◆ **TASK GOAL**:
Word-for-word repetition of the records below is needed, but only from the line holding "The Korsteel JP" through the final line, with pictures excluded.
Start of MATERIAL FOR THE TASK
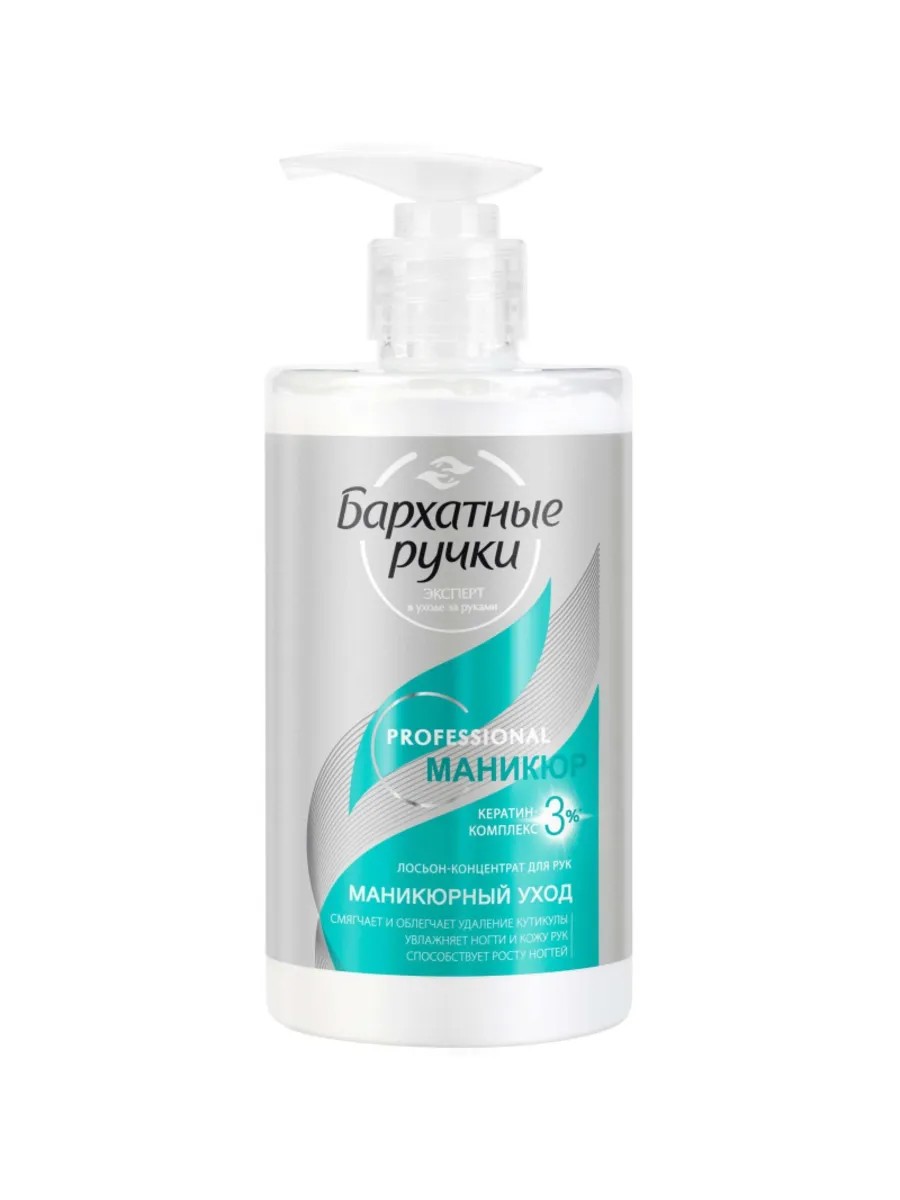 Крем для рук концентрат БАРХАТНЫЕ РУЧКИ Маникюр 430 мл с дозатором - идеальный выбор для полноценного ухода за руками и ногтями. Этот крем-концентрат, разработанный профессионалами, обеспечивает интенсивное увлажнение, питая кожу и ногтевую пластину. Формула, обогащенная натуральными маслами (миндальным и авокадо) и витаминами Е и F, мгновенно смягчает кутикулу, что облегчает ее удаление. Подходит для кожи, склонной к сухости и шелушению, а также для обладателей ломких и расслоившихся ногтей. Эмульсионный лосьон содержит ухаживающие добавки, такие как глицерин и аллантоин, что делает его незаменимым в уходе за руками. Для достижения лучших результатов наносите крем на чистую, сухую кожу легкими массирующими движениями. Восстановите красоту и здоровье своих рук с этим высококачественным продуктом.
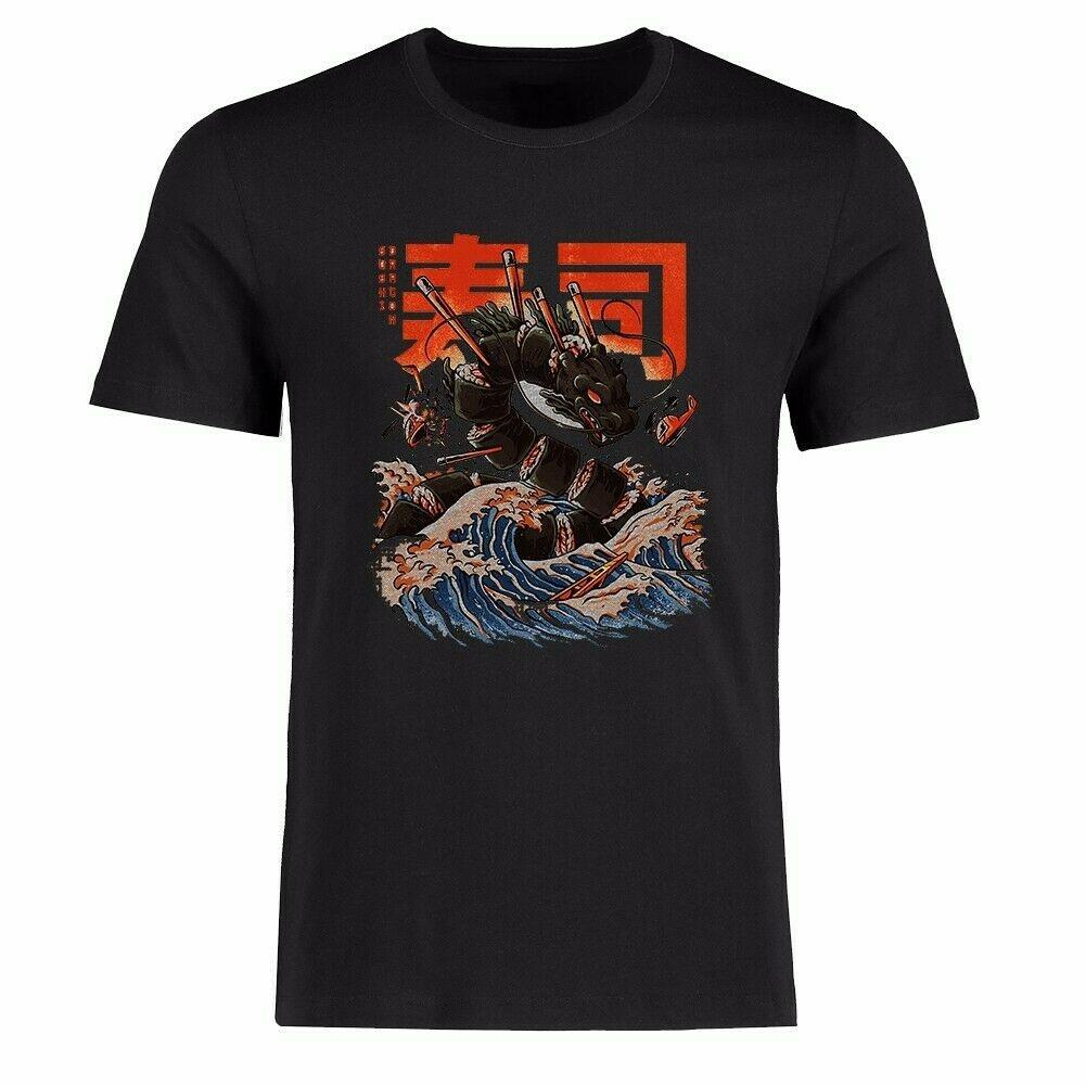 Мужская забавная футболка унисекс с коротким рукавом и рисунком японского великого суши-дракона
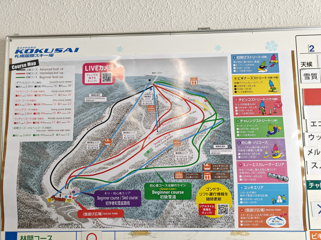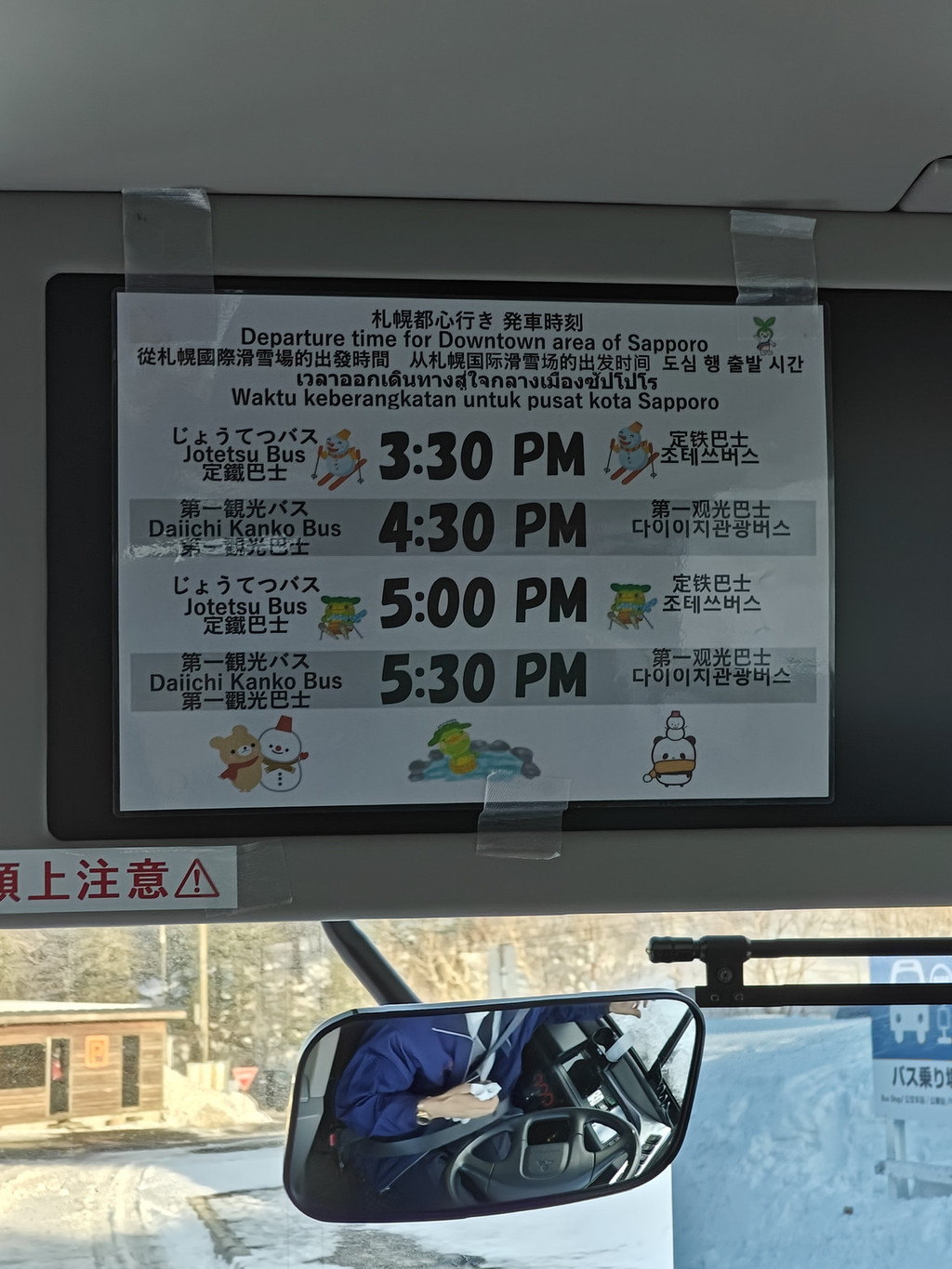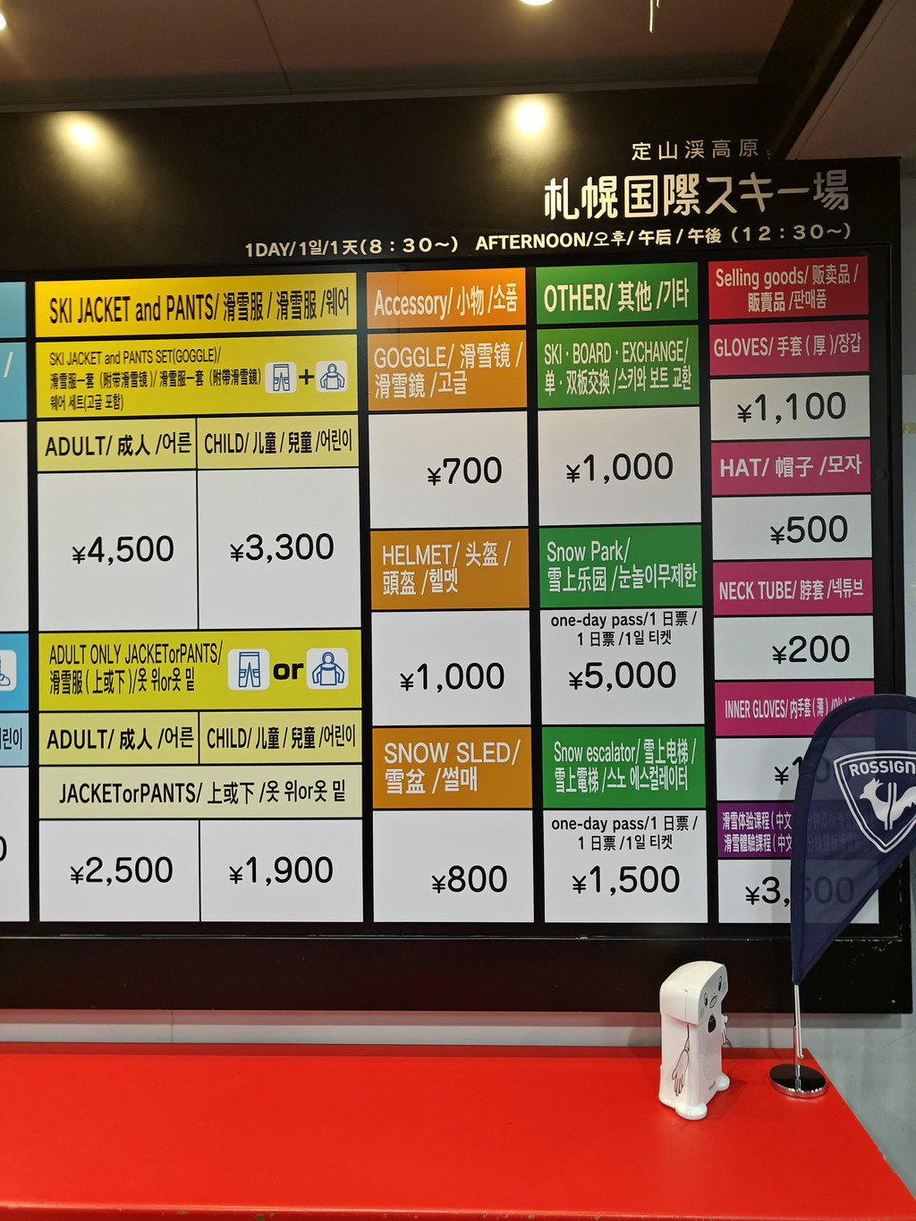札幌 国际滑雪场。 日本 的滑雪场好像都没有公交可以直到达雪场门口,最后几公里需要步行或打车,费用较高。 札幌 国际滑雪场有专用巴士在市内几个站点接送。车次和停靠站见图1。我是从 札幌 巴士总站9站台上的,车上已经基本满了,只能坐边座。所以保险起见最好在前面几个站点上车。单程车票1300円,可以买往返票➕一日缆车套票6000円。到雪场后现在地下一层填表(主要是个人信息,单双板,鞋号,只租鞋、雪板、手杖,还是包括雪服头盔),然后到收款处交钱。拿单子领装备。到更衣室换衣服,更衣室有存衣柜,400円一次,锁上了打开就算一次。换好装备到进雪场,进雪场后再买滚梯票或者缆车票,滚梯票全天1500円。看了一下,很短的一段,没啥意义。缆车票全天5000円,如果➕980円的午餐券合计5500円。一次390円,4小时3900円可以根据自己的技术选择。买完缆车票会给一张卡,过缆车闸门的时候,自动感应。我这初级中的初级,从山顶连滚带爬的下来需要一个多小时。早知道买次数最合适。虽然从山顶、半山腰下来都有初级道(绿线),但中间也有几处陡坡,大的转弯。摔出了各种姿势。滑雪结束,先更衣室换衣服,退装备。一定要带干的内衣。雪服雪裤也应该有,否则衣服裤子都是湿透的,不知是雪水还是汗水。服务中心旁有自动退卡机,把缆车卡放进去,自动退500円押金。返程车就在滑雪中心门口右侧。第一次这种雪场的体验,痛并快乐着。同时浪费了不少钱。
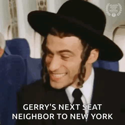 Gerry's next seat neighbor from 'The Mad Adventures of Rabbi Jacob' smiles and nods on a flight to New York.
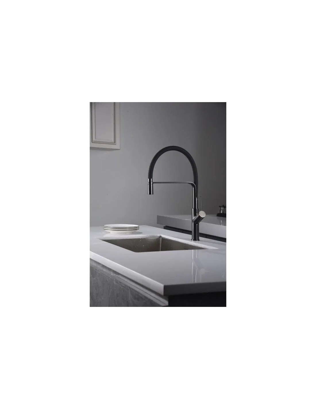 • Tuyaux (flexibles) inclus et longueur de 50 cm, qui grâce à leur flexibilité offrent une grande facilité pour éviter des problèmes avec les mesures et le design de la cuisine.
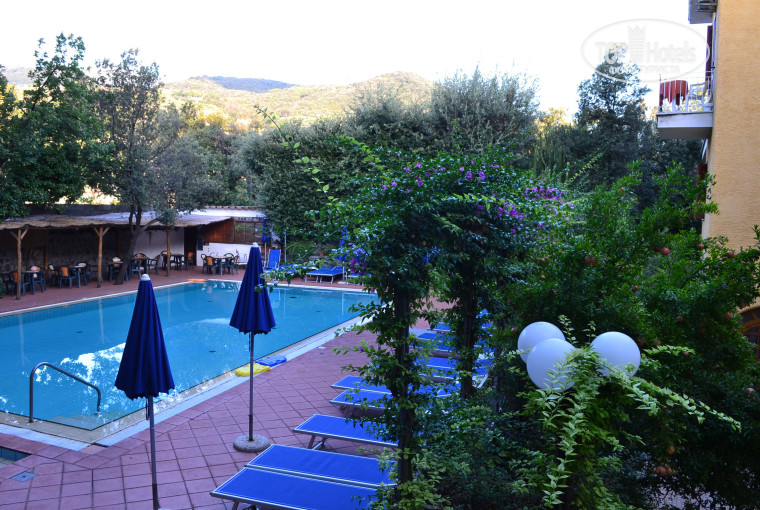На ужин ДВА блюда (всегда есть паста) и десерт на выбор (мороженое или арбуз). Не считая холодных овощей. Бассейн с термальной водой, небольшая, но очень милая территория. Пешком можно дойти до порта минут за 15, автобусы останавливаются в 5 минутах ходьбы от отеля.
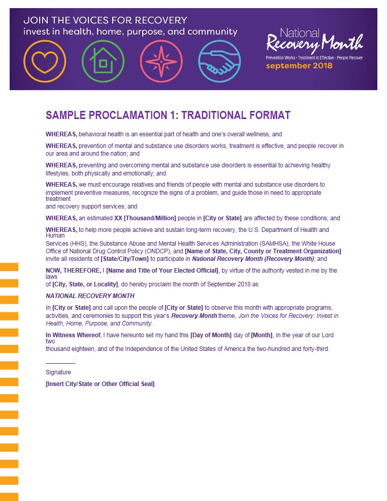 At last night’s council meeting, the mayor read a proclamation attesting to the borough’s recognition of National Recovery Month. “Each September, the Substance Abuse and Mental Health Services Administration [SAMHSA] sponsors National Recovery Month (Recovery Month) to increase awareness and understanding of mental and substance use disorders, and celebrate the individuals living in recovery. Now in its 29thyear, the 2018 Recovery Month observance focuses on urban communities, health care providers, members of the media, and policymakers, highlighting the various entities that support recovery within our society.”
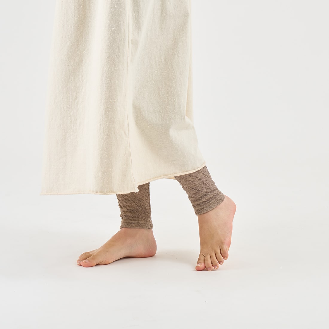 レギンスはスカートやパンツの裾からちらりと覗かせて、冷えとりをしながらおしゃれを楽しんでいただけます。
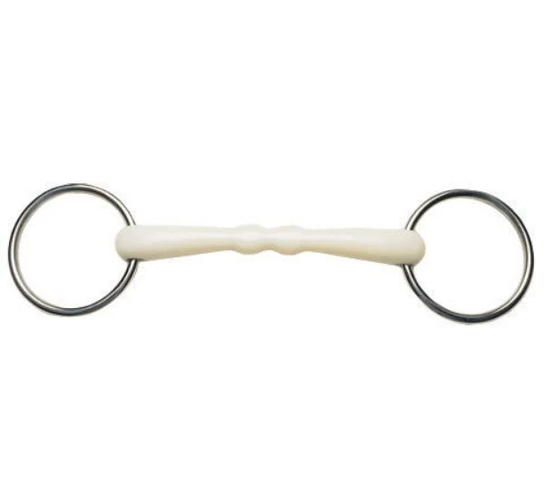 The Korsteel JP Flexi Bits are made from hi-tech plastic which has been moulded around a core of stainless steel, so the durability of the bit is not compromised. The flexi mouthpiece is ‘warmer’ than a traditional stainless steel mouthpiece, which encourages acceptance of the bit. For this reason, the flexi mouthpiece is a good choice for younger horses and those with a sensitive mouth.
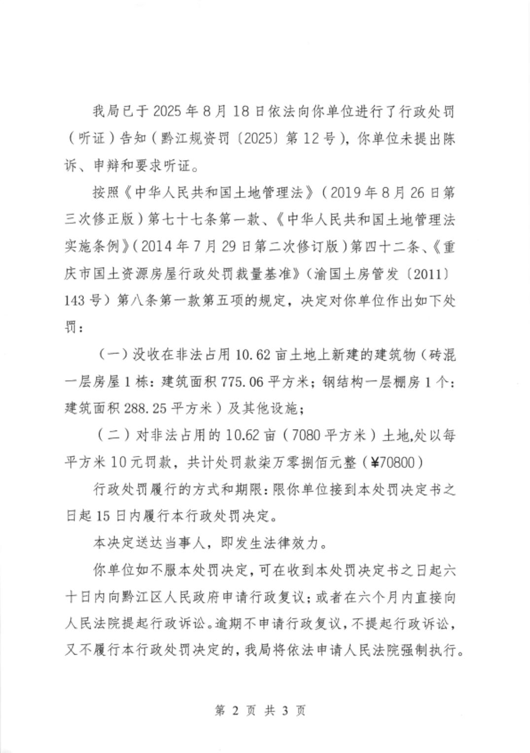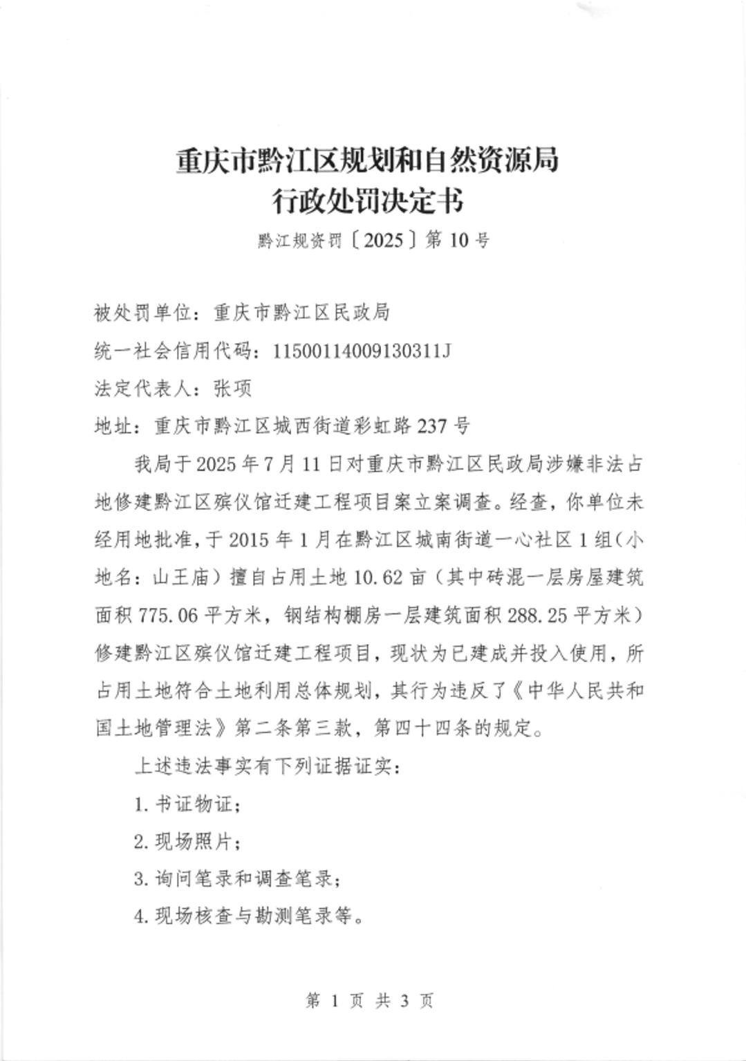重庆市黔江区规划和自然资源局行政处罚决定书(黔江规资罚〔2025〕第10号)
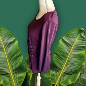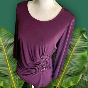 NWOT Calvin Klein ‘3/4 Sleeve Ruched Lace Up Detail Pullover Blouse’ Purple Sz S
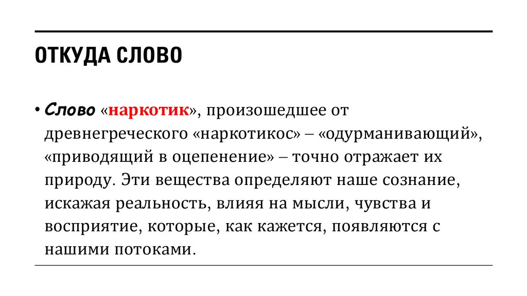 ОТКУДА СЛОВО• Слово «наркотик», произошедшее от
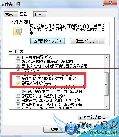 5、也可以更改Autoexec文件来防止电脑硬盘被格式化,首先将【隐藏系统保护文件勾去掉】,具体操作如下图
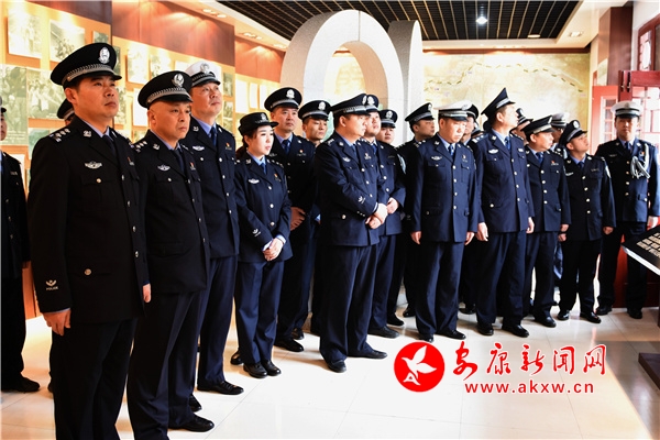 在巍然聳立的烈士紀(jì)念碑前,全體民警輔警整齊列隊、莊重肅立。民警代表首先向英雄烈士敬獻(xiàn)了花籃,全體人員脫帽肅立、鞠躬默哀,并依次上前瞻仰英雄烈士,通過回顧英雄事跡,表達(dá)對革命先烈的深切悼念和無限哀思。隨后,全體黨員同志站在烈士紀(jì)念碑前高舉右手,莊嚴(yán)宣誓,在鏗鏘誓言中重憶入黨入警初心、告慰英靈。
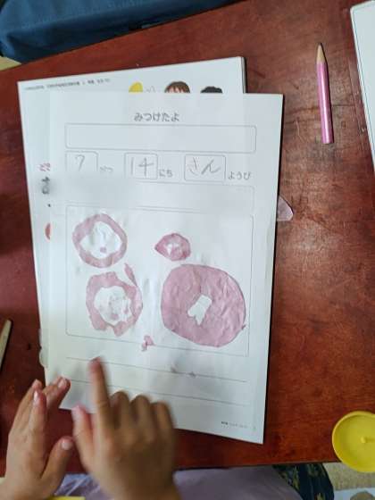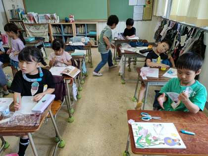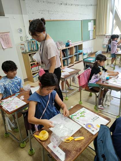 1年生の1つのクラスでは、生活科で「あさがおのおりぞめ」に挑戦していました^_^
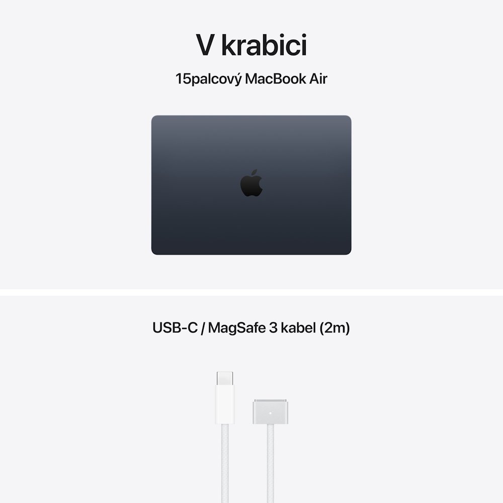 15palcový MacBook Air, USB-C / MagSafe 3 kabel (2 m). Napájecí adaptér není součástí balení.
End of MATERIAL FOR THE TASK
◆ **YOUR RESPONSE**:
 The Korsteel JP Flexi Bits are made from hi-tech plastic which has been moulded around a core of stainless steel, so the durability of the bit is not compromised. The flexi mouthpiece is ‘warmer’ than a traditional stainless steel mouthpiece, which encourages acceptance of the bit. For this reason, the flexi mouthpiece is a good choice for younger horses and those with a sensitive mouth.
重庆市黔江区规划和自然资源局行政处罚决定书(黔江规资罚〔2025〕第10号)
 NWOT Calvin Klein ‘3/4 Sleeve Ruched Lace Up Detail Pullover Blouse’ Purple Sz S
 ОТКУДА СЛОВО• Слово «наркотик», произошедшее от
 5、也可以更改Autoexec文件来防止电脑硬盘被格式化,首先将【隐藏系统保护文件勾去掉】,具体操作如下图
 在巍然聳立的烈士紀(jì)念碑前,全體民警輔警整齊列隊、莊重肅立。民警代表首先向英雄烈士敬獻(xiàn)了花籃,全體人員脫帽肅立、鞠躬默哀,并依次上前瞻仰英雄烈士,通過回顧英雄事跡,表達(dá)對革命先烈的深切悼念和無限哀思。隨后,全體黨員同志站在烈士紀(jì)念碑前高舉右手,莊嚴(yán)宣誓,在鏗鏘誓言中重憶入黨入警初心、告慰英靈。
 1年生の1つのクラスでは、生活科で「あさがおのおりぞめ」に挑戦していました^_^
 15palcový MacBook Air, USB-C / MagSafe 3 kabel (2 m). Napájecí adaptér není součástí balení.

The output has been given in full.